8. As largely undeveloped property the forests need heavy investments of capital for their improvement. Their full productiveness can be secured in no other way. The Government is now investing yearly in the forests a considerable part of the appropriation made for them. Even if the States did not seek to make them sources of immediate revenue at whatever sacrifice of their future possibilities, they would be reluctant to expend much for their development.
9. The States both lack the civil service system and standards of the National Government and are exposed to greater danger of being swayed by private interests. In the hands of spoilsmen demoralization would quickly succeed the present high standards of the Forest Service, while the intimate relation of the forests to the welfare of great numbers of individuals would tend to make their administrative control a highly coveted political prize. At the same time the value of their resources would certainly arouse a cupidity which would be exceedingly difficult to control. Scandalous maladministration might easily follow. The Federal Government is better watched farther removed from local influence, more stable, and better equipped with a non-political system and machinery.

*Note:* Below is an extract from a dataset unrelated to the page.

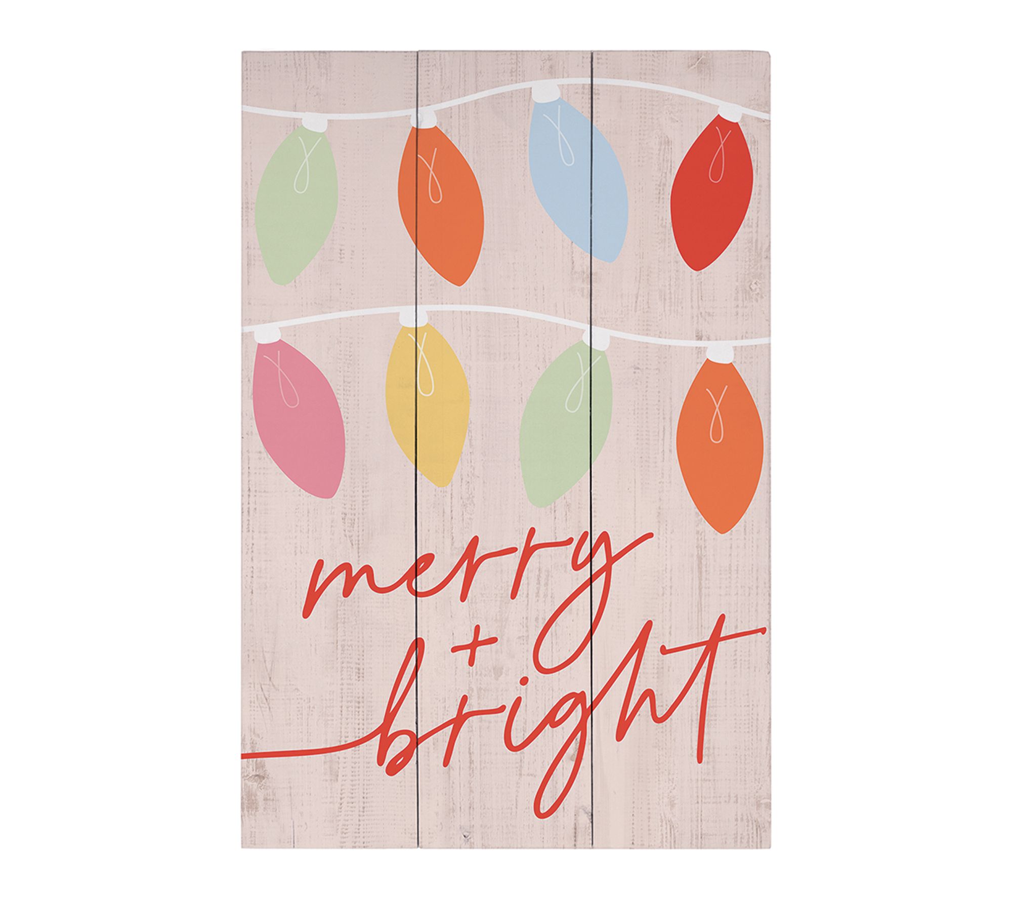 Bring a festive touch to your space with the Merry Bright Lights rustic pallet wall hanging. Solid wood construction and easy-to-hang design make it effortless to display above a mantel, in an entryway, or anywhere that could use cheerful holiday style. Its vivid message adds a playful charm to gatherings and family moments. From Sincere Surroundings.

The underlying purpose of the proposed transfer of the national forests to the States is really not to substitute State for Federal control, but rather to substitute individual for public control. Its most earnest advocates are the very interests which wish to secure such control. The object of the whole states rights movement as it affects the national forests is to transfer to private owners for speculative or monopolistic purposes public resources of enormous value. Retention of these resources under public ownership is needed to protect the people from abuses which are every day being demonstrated on lands over which the public has already lost control. The proposition is one which the people as a whole would repudiate in an instant if they understood what is proposed. The only danger lies in the fact that some legislation adverse to the national forest system may be passed when the public as a whole is ignorant that it is planned or does not understand the meaning. Vigilance in the defense of its interests and intelligence in the perception of the true character of masked attacks upon those interests are of fundamental necessity if the public is to protect itself.
FOOD SECTION
The Food Section of the National Conservation Congress met in the Palm Room of the Claypool Hotel on the afternoon of October 1st. Dr. H. W. Wiley, late Chief of the Bureau of Chemistry, as Chairman, discussed the cold storage industry and pointed out that cold storage is a great blessing to the country, in that goods are placed in cold storage that they may be more evenly distributed throughout the year. He showed that there is still room for the investigation of the principles of storage and improvement of the industry. The condition of food entering cold storage is most important.
Frank A. Horne, Chairman of the Commission of Legislation of the American Association of Refrigeration, said there has been a remarkable reversal of public opinion in the last three or four years regarding the place cold storage and refrigerating has occupied with regard to the high cost of living.